2006/02/21, 03:11 PM
Hi!
I just joined up with the ft community and hope to be successful in my lifestyle changes. My roomie and I are quitting smoking and starting a workout plan together as a way to motivate eachother when we can't quite get the motivation ourselves.
My question is about weights. I filled out all of my information. For example...my first day has the Machine Incline Presses for chest.
4 sets of reps progressing 20, 15, 12, 10. Now, it's been awhile since I've worked out. I assume I'd need to find the weight that I can lift about 21 of for the first set. However, for the second set...do I keep the same weight or try to find the weight that I can lift about 16 of?
Hope that makes sense. I'm excited about a healthier me.
Hope that makes sense.
|
|
|
2006/02/21, 03:23 PM
Oh...I had one other question. Sorry!
Background info..I'm 26, male, 5'8", 170 lbs.

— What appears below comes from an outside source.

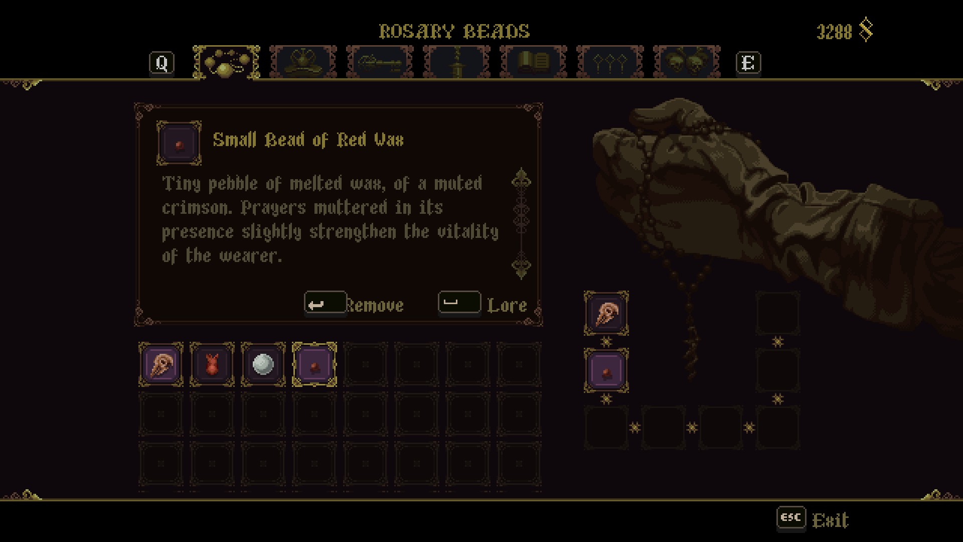 Neben den Gebeten gibt es auch, wie schon angedeutet, Items mit passiven Eigenschaften. Dazu gehören zum einen Perlen für unseren Rosenkranz, die dann zum Beispiel unsere Vitalität erhöhen oder Reliquien. Letztere bieten die Möglichkeit „die Welt mit anderen Augen zu sehen“ und eröffnen uns neue Wege in den Levels, Stichwort Backtracking.

With class and work, my best workout days would be Tue, Thu, Sat. Would I need to do cardio on Wed, Fri or would Fri, Sunday work? Typically, how long should a cardio workout be?
|
2006/02/21, 03:28 PM
Guy, typically you should be warming up with your first set. Add weight each set. you should be able to complete the reps untill the last set. You should fail to complete the reps on the last set. Fail as in not be able to complete the rep without cheating or maintaining. I add 5-lbs per set on single arm and 10 on double arm sets. Once I can complete all the sets and reps I up my starting weight on the first set by 5 or 10 lbs. Hope this helps
-------------- "Do the right Things" and "Do Things Right". You will succeed.
|
2006/02/21, 03:31 PM
Fail as in not be able to complete the rep without cheating or maintaining.
should have read
Fail as in not be able to complete the rep without cheating or maintaining good form.
-------------- "Do the right Things" and "Do Things Right". You will succeed.